Two-Step Matching > Single-Step Everything We tried pure keywords (fast, dumb) and pure Gemini (slow, smart). Hybrid FTS5 → Gemini validation was 5x faster than pure AI and 20% more accurate than keywords alone. Lesson: Combine complementary approaches let fast heuristics filter, then let AI validate.
What's next for Argus-It never forgets
Mobile App (React Native) Chrome extension only works on desktop, but most WhatsApp users are mobile-first. We're building iOS + Android apps with background message monitoring and local notifications. This will reach 40% more users and enable true cross-device memory sync. Timeline: 2-3 weeks.

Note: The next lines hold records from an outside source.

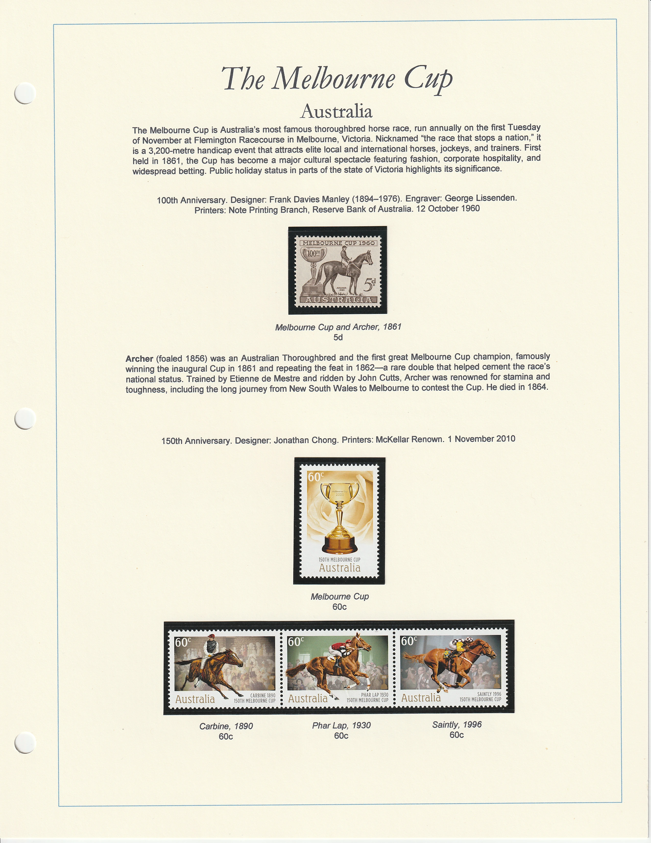 - Archer (foaled 1856, Melbourne Cup winner, 1861) was an Australian Thoroughbred and the first great Melbourne Cup champion, famously winning the inaugural Cup in 1861 and repeating the feat in 1862—a rare double that helped cement the race’s national status. Trained by Etienne de Mestre and ridden by John Cutts, Archer was renowned for stamina and toughness, including the long journey from New South Wales to Melbourne to contest the Cup. He died in 1864.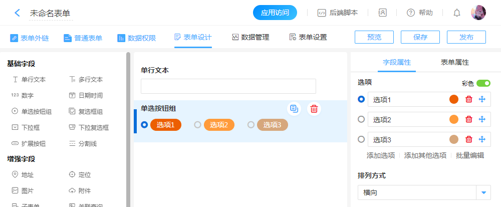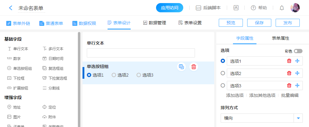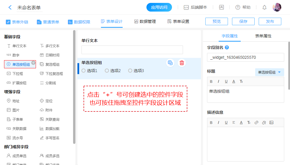 “单选按钮组”用于表单中单选的场景,在录入数据的时候直接选择选项。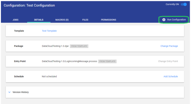 The integration is executed when you run the configuration. When completed, runtime metrics will be available for review.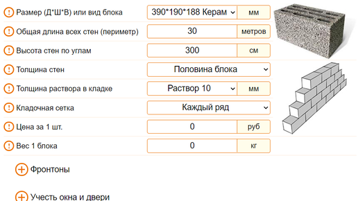 Как рассчитать количество блоков на дом?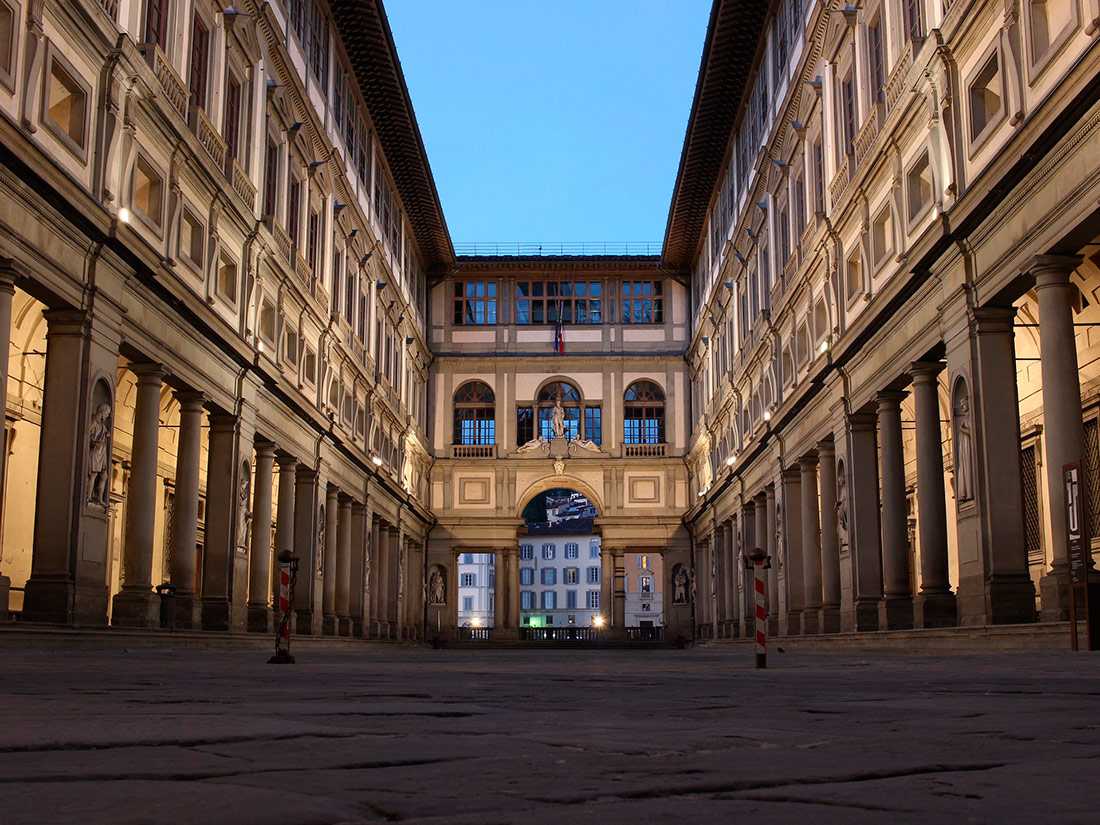 История: галерея была построена в XVI веке по заказу герцога Тосканы Козимо I Медичи, для её сооружения пришлось снести несколько старинных зданий. Козимо также попросил провести секретный коридор, соединяющий галерею с Палаццо Питти и Садами Боболи. Изначально здесь хранилась частная коллекция благородного семейства Медичи, а открыта для посещений галерея стала только в 1769 году.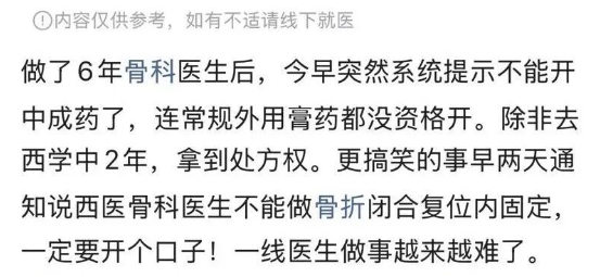 8月25日,某医院骨三科一名医生反馈称:“我做了6年的骨科医生,今早突然系统提示不能开中成药了,连常规外用膏药都没资格开。想开中成药处方,必须去西学中培训2年,拿到处方权。此外早两天医院就通知,说西医骨科医生不能做骨折闭合复位内固定,一定要开个口子……”
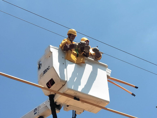 在排查好停電事故原因后,現場搶修人員開始積極的搶修線路工作,在搶修車輛到達現場,搶修人員安全措施執行到位后,搶修人員帶電作業修復導線。雖然才上午11時許,但室外的溫度就已經達到37攝氏,搶修人員登上升降車,在保證安全,規范操作的情況下,開始了導線的修復工作,搶修現場有序進行,在高溫酷暑的烈日下,經過了45分鐘的揮汗如雨緊急搶修,終于恢復了10KV市山官樁支線的正常運行。搶修人員在完成工作后,脫去了厚重的安全工作服,自己的衣服已經早已被汗水浸濕,望著他們身影,感嘆工作在一線搶修的師傅們真不容易,心中由衷的敬佩他們。(萬婉/文)(胡志強/圖)
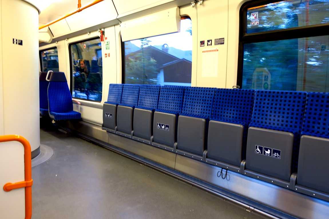 Внутри фуникулёр разделён на секции с сидениями напротив друг друга.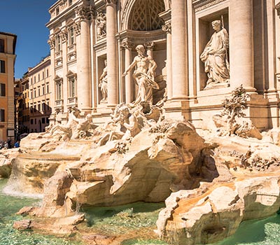 Going back to the fountain, it takes its name from the Trevi “Rione” or Quarter, that in turn derives from “trivio” literally “three ways”. The history of this fountain, of medieval origins, is connected to that of the Acqua Vergine (Vergin Water) which goes back much further. Tradition has it that the name “Acqua Vergine” derives from the fact that it was a beautiful nymph to show Emperor Agrippa the spring. None other than Gian Lorenzo Bernini began work on the fountain before soon coming to a halt but the fountain is to be considered one of the last magnificent testimonies of the Roman late Baroque.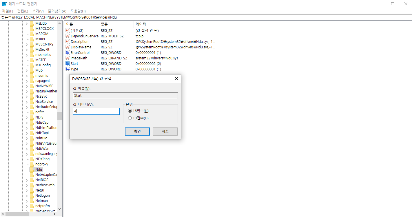NetworkThrottlingIndex가 보일 경우 해당 부분을 더블클릭

Multi-Platform Support (Telegram, Slack, Email) Our memory is fragmented across apps WhatsApp, Slack, email, Telegram. We'll integrate Telegram Bot API, Slack OAuth, and Gmail API into one unified event index. Complete memory across all communication channels. Timeline: 1-2 weeks per platform.
Voice Interface Add browser speech recognition for hands-free queries like "Hey Argus, what did Rahul say about Goa?" with text-to-speech responses. This improves engagement by 30% and makes Argus accessible to visually impaired users. Timeline: 1-2 weeks.
Smart Calendar Integration Two-way Google Calendar sync with auto-event creation from WhatsApp, conflict detection across chat + calendar, and "Add to calendar" buttons on popups. Replaces manual calendar management and increases utility by 18%. Timeline: 3-5 days.
Team/Enterprise Features Build shared event pools with permissions, @mention detection in group chats, project-specific filtering, and admin dashboards. Opens B2B revenue opportunity and targets 15% enterprise adoption. Timeline: 2-3 weeks.
Enhancement
Built a website with branding, to give people more information about Argus and make download more accessible.